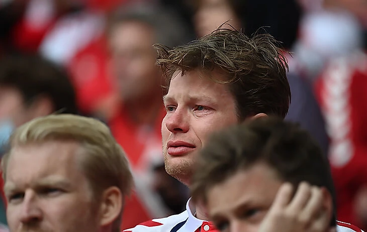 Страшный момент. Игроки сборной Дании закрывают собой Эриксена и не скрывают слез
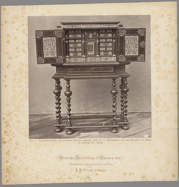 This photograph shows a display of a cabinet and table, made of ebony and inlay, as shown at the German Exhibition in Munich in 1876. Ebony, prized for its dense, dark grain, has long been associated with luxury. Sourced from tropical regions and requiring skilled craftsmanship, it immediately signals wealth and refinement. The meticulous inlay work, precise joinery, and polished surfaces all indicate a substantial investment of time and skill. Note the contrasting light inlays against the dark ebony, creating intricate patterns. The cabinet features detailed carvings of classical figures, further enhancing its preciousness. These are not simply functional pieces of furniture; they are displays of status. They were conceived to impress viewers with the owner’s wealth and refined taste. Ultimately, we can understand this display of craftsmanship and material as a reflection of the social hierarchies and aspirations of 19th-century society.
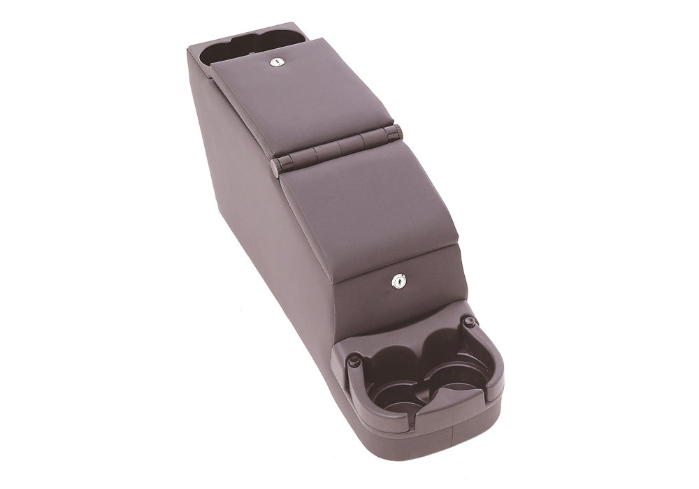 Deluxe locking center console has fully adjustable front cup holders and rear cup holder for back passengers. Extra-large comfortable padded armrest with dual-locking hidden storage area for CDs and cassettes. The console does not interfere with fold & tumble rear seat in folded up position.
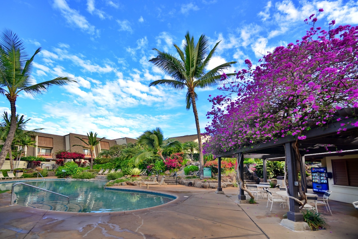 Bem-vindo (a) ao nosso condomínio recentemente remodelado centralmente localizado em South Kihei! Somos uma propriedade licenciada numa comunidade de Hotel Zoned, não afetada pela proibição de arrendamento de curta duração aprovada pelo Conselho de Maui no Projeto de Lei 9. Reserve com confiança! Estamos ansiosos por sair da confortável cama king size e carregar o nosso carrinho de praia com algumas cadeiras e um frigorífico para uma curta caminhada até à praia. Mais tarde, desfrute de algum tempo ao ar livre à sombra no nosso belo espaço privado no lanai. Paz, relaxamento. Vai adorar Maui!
+-------+
Please repeat exactly the data above from its first line to the line that contains "Deluxe locking center", inclusive, and leave every picture out.

■ **COMPLETED TASK**:
 Страшный момент. Игроки сборной Дании закрывают собой Эриксена и не скрывают слез
 This photograph shows a display of a cabinet and table, made of ebony and inlay, as shown at the German Exhibition in Munich in 1876. Ebony, prized for its dense, dark grain, has long been associated with luxury. Sourced from tropical regions and requiring skilled craftsmanship, it immediately signals wealth and refinement. The meticulous inlay work, precise joinery, and polished surfaces all indicate a substantial investment of time and skill. Note the contrasting light inlays against the dark ebony, creating intricate patterns. The cabinet features detailed carvings of classical figures, further enhancing its preciousness. These are not simply functional pieces of furniture; they are displays of status. They were conceived to impress viewers with the owner’s wealth and refined taste. Ultimately, we can understand this display of craftsmanship and material as a reflection of the social hierarchies and aspirations of 19th-century society.
 Deluxe locking center console has fully adjustable front cup holders and rear cup holder for back passengers. Extra-large comfortable padded armrest with dual-locking hidden storage area for CDs and cassettes. The console does not interfere with fold & tumble rear seat in folded up position.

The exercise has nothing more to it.